Remix.run Logo
staplung 2 hours ago

This has been possible with the zlib module since 1997 [EDIT: zlib is from '97. The zdict param wasn't added until 2012]. You even get similar byte count outputs to the example and on my machine, it's about 10x faster to use zlib.

  import zlib

  input_text = b"I ordered three tacos with extra guacamole"
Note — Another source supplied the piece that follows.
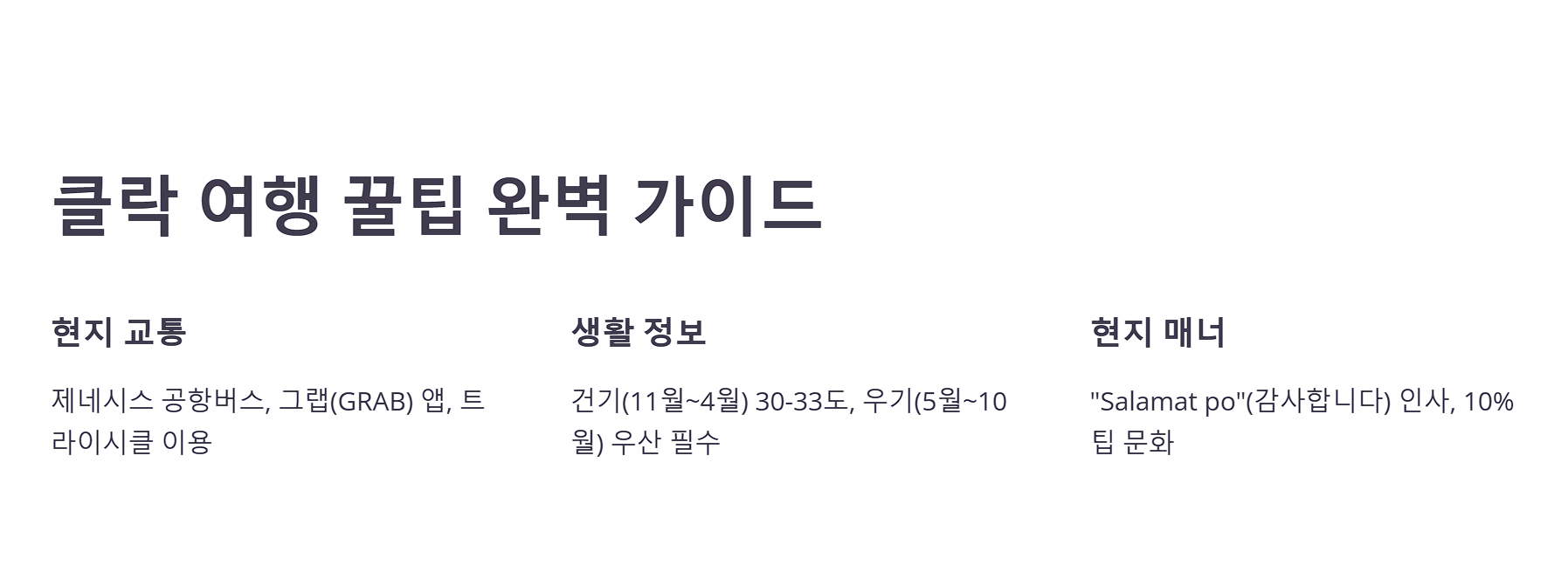 | 우기(5-10월) | 간헐적 스콜, 실내활동 추천 | 쇼핑, 스파 |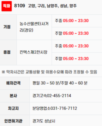 ■ 성남버스 8109번 버스 운행 정보

  tacos = b"taco burrito tortilla salsa guacamole cilantro lime " * 50
  taco_comp = zlib.compressobj(zdict=tacos)
  print(len(taco_comp.compress(input_text) + taco_comp.flush()))
  # prints 41

  padel = b"racket court serve volley smash lob match game set " * 50
  padel_comp = zlib.compressobj(zdict=padel)
  print(len(padel_comp.compress(input_text) +  padel_comp.flush()))
  # prints 54
notpushkin 2 hours ago | parent [-]

True. The post calls out that “you have to recompress the training data for each test document” with zlib (otherwise input_text would taint it), but you can actually call Compress.copy().

zdict was added in Python 3.3, though, so it’s 2012, not 1997. (It might have worked before, just not a part of the official API :-)

staplung 2 hours ago | parent [-]

Ah, okay. Didn't realize that. I used either zlib or gzip long, long ago but never messed with the `zdict` param. Thanks for pointing that out.